**Directions for this task:** Once you find the line below that has "Zestaw balonów dekoracyjnych", output it and every line after it exactly, stopping after the line that has "Most of the", with no pictures.

**Information provided:**
****************************************

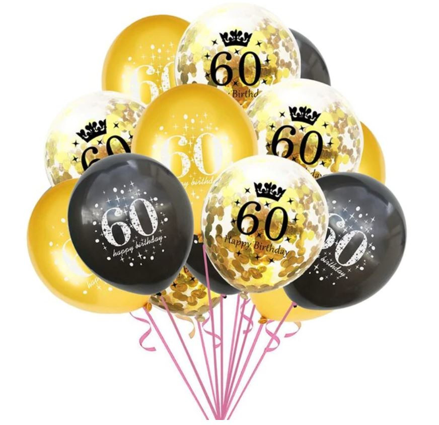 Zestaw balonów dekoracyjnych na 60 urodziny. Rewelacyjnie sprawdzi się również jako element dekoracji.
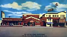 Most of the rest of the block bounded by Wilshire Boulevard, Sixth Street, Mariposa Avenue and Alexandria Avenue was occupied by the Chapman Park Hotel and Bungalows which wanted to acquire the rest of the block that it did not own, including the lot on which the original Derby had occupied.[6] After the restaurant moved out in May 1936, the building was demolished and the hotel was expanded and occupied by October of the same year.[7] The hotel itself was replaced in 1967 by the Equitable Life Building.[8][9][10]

****************************************

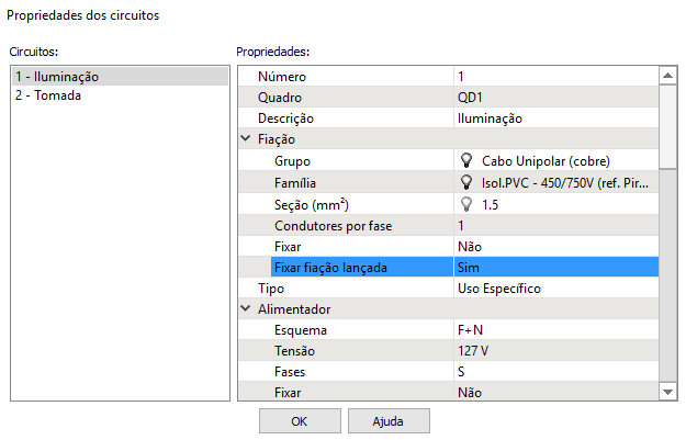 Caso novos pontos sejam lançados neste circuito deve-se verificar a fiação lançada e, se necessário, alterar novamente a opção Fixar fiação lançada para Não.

****************************************

**Exercise output:**
 Zestaw balonów dekoracyjnych na 60 urodziny. Rewelacyjnie sprawdzi się również jako element dekoracji.
 Most of the rest of the block bounded by Wilshire Boulevard, Sixth Street, Mariposa Avenue and Alexandria Avenue was occupied by the Chapman Park Hotel and Bungalows which wanted to acquire the rest of the block that it did not own, including the lot on which the original Derby had occupied.[6] After the restaurant moved out in May 1936, the building was demolished and the hotel was expanded and occupied by October of the same year.[7] The hotel itself was replaced in 1967 by the Equitable Life Building.[8][9][10]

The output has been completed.